My Arch guide has driver soft-dep listings here: Arch Passthrough End to End | The Complete Field Manual

Basically, some drivers can’t be unbound, so the kernel will bind a driver, but then it’ll stick. What you want to do is set vfio to be a pre-load requirement for the GPU drivers, so vfio loads and grabs your device before nvidia/nouveau even has a chance to initialize.

I wouldnd do it the way you try. I assume you are on Debian 12 (based on your Grub config)

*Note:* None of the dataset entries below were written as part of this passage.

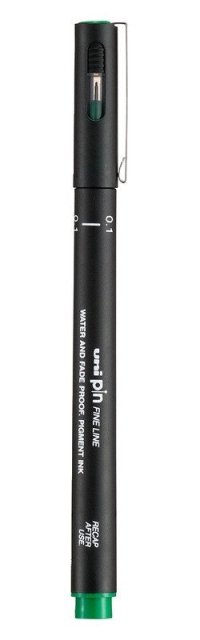Jedinečný, precizní, technický i kreativní. To je liner PIN. Kalibrované a odolné hroty spolu se Super Ink inkoustem zajišťují maximální preciznost při technickém kreslení. Zároveň, díky štětcovým hrotům je velmi oblíbený i u výtvarníků. Voděodolný a světlostálý inkoust je možný kombinovat s akvarely. Základní monochromatické barvy, rozšířené o sépiovou barvu a odstíny hnědé, zelené a růžové, nabízejí skvělou volbu pro precizní linkování, stínování a kreslení.<br><br>Kalibrovaný precizní liner s barevnou náplní pro ještě více kreativních možností. Barevné označení víčka a koncovky usnadňuje orientaci v pultovém displeji i při samotném kreslení.<br><br>• šířka stopy: 0,1 mm<br>• kalibrovaný hrot<br>• vhodný na psaní i kreslení<br>• světlostálý a voděodolný inkoust<br>• víčko s kovovým klipem<br>• barva náplně: zelená<br>• obsah balení: 1 ks<br>
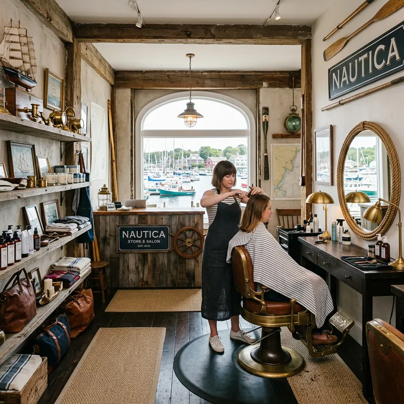 Beautiful Nautical Store, Hair studio, interior design photography, high quality.
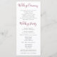 Elegante Burgundy, programa de casamento de flores de aquarela. Este design apresenta belas rosas de aquarela em cor-de-rosa-burlu e rosa-pincel. Uma fonte moderna de script é emparelhada com uma fonte serif. Personalize facilmente o seu dia especial.
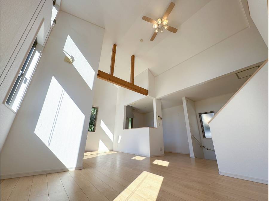 開放感溢れる吹抜けリビングはカジュアルなチャペルのような雰囲気。
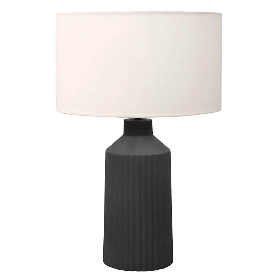 Lampe de table sans source lumineuse en céramique avec finition noire. Dispose d’une lumière, douille E27, tension 220-240 V, interrupteur à bascule et câble noir de 1,5 m de long. Ampoule non fournie. Dimensions : 53,5 cm de haut.
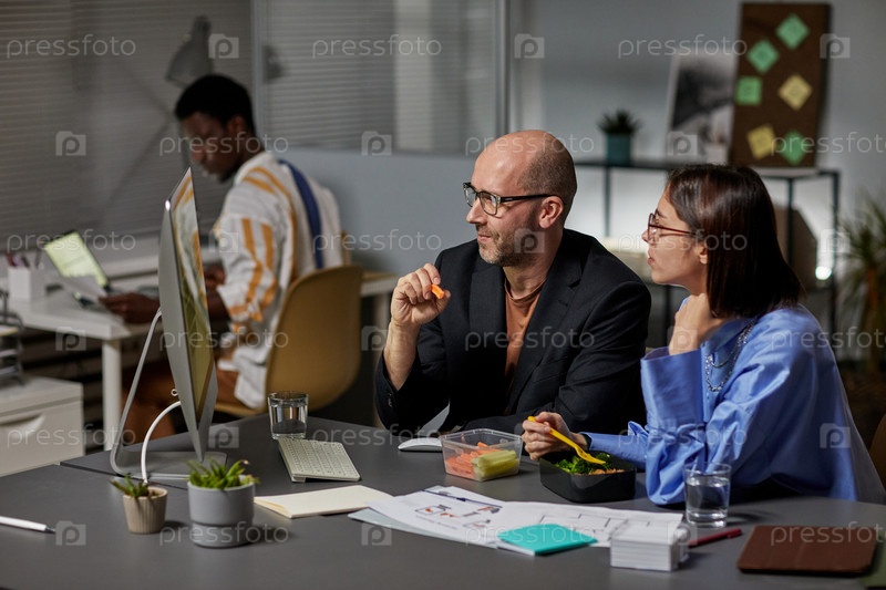 Улыбающиеся деловые люди наслаждаются поздней закуской в офисе
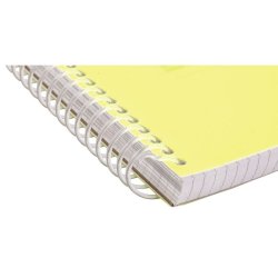 Quaderno formato A5 ad 1 rigo con spirale e con fori archivio da 80 ff. Grammatura da 70gr, copertina e retroblocco in polipropilene 500 my. Spirale in plastica trasparente riciclabile. Colori neon trasparenti assortiti.
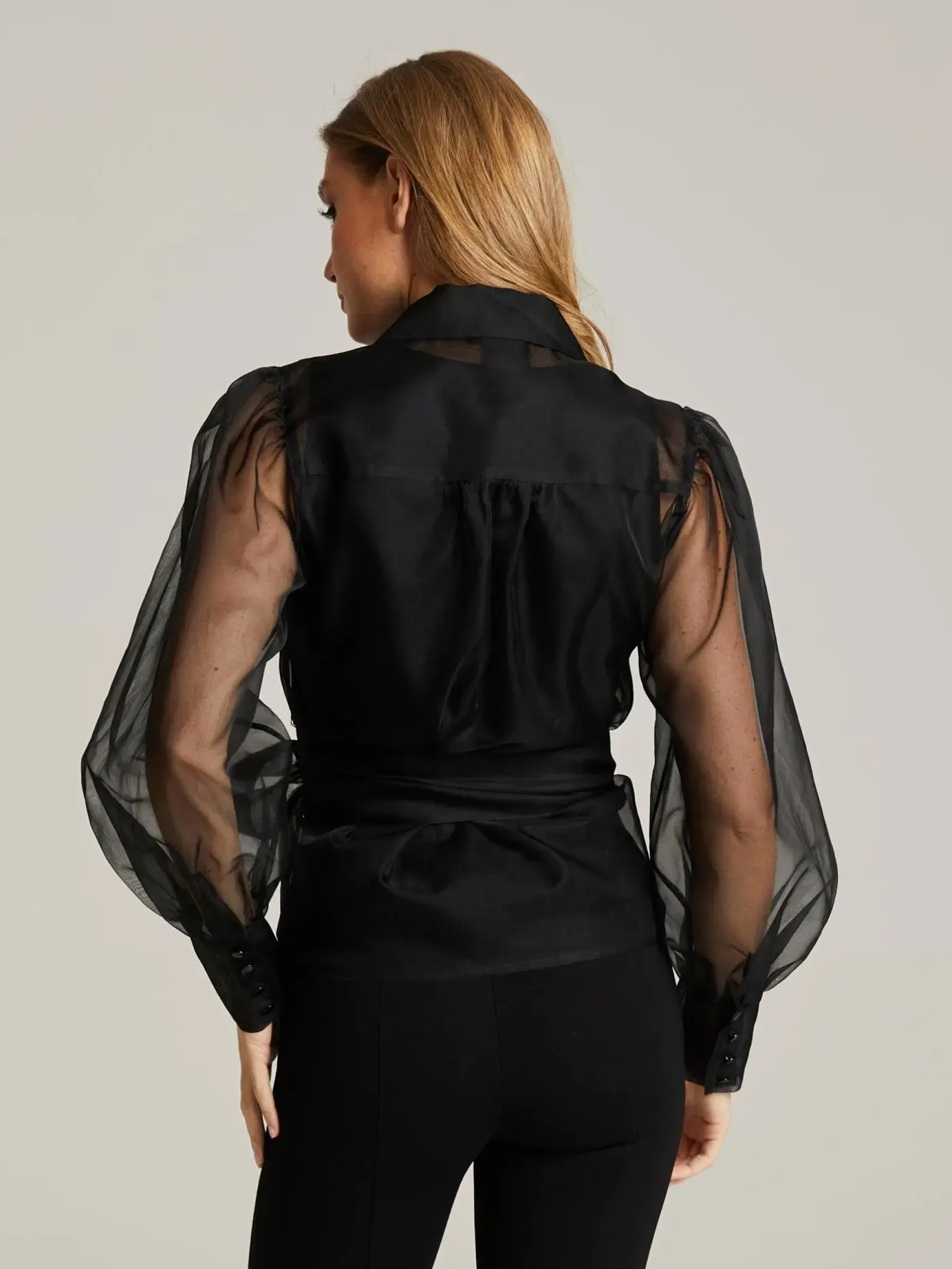 Kietasupusero puhvihihoilla, leveillä manseteilla, kauluksilla sekä rusetille sidottavilla kietasunauhoilla.
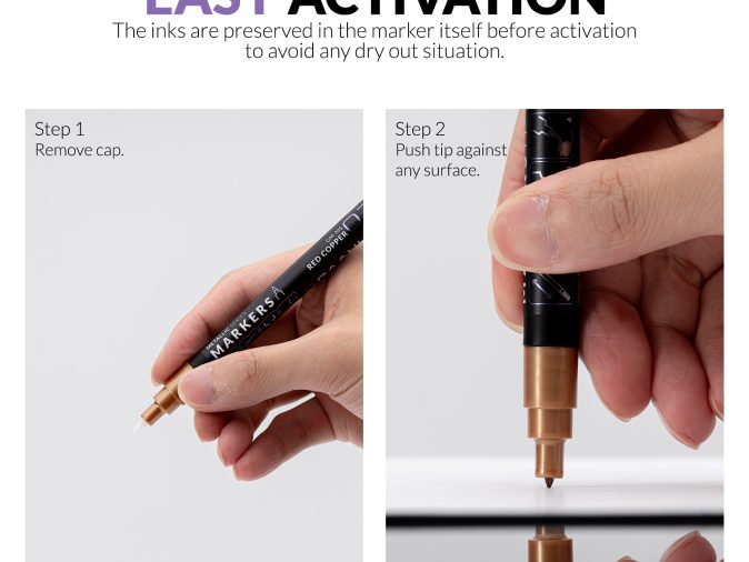 The ink stays sealed until you press the tip, preventing premature drying. Your markers stay fresh and ready when you need them.
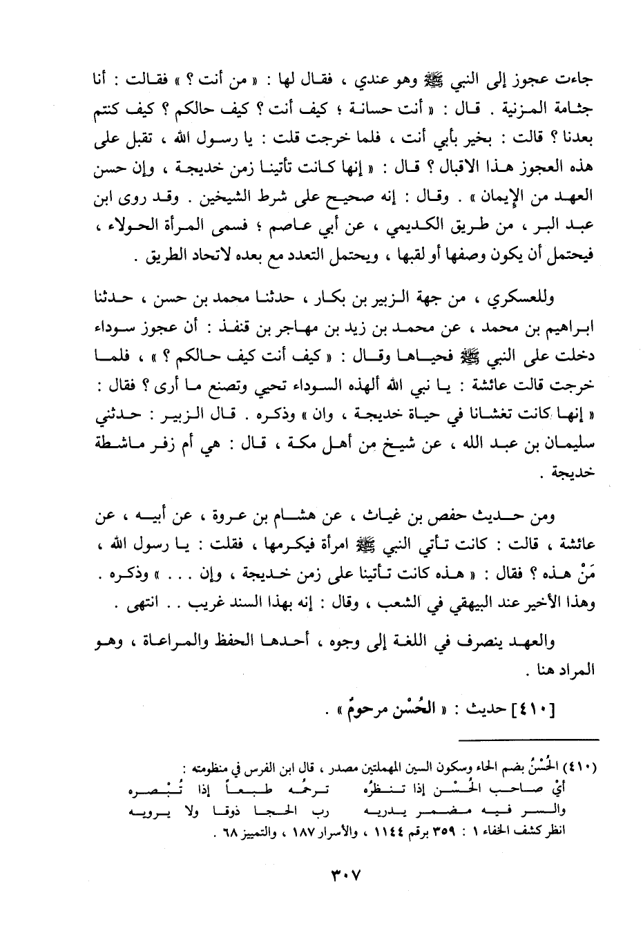 جَاءَتْ عَجُوزٌ إِلَى النَّبِيِّ صَلَّى اللَّهُ عَلَيْهِ وَسَلَّمَ وَهُوَ عِنْدِي فَقَالَ لَهَا مَنْ أَنْتِ فَقَالَتْ: أَنَا جَثَّامَةُ الْمُزَنِيَّةُ قَالَ أَنْتِ حَسَّانَةُ؛ كَيْفَ أَنْتِ كَيْفَ حَالُكُمْ كَيْفَ كُنْتُمْ بَعْدَنَا، قَالَتْ بِخَيْرٍ بِأَبِي أَنْتَ، فَلَمَّا خَرَجَتْ قُلْتُ يَا رَسُولَ اللَّهِ: تُقْبِلُ عَلَى هَذِهِ الْعَجُوزِ هَذَا الإِقْبَالَ؟ قَالَ: إِنَّهَا كَانَتْ تَأْتِينَا زَمَنَ خَدِيجَةَ وَإِنَّ حُسْنَ الْعَهْدِ مِنَ الإِيمَانِ وقال: إنه صحيح على شرط الشيخين، وقد روى ابن عبد البر من طريق الكديمي عن أبي عاصم فسمى المرأة الحولاء، فيحتمل أن يكون وصفها أو لقبها، ويحتمل التعدد مع بعده لاتحاد الطريق، وللعسكري من جهة الزبير بن بكار، حدثنا محمد بن حسن، حدثنا إبراهيم بن محمد عن محمد بن زيد بن مهاجر بن قنفذ أن عجوزا سوداء دخلت على النبي صَلَّى اللَّهُ عَلَيْهِ وَسَلَّمَ فحياها وقال: كيف أنت كيف حالكم، فلما خرجت قالت عائشة: يا نبي الله ألهذه السواء تحيي وتصنع ما أرى؟ فقال: إنها كانت تغشانا في حياة خديجة، وإن، وذكره قال الزبير حدثني سليمان بن عبد اللَّه عن شيخ من أهل مكة قال: هي أم زفر ماشطة خديجة، ومن حديث حفص بن غياث عن هشام بن عروة عن أبيه عن عائشة قالت: كانت تأتي النبي صَلَّى اللَّهُ عَلَيْهِ وَسَلَّمَ امرأة فيكرمها فقلت يا رسول اللَّه من هذه؟ فقال: هذه كانت تأتينا على زمن خديجة، وإن وذكره، وهذا الأخير عند البيهقي في الشعب، وقال: إنه بهذا السند غريب. انتهى، والعهد ينصرف في اللغة إلى وجوه أحدها الحفظ والمراعاة وهو المراد هنا.

  • Enable virtualization features in Bios
  • enable IOMMU by adding “intel_iommu=on/amd_iommu=on” to your grub config
  • Update Grub
  • create a configfile with the PCI-IDs of the gpu in /etc/modprobe.d/
  • add necessary vfio modules to your /etc/modules file
  • regenerate your initramfs
  • reboot

You get the error in Grub because all your arguments have to be within the quotation marks.
On a modern gpu there are usually more than one device. Its the gpu, a audiodevice and a usbhub.
If you do a “lscpi -nnk” and you search for your gpu in the output, you should see something like this:

25:00.0 VGA compatible controller [0300]: Advanced Micro Devices, Inc. [AMD/ATI] Navi 23 [Radeon RX 6600/6600 XT/6600M] [1002:73ff] (rev c1)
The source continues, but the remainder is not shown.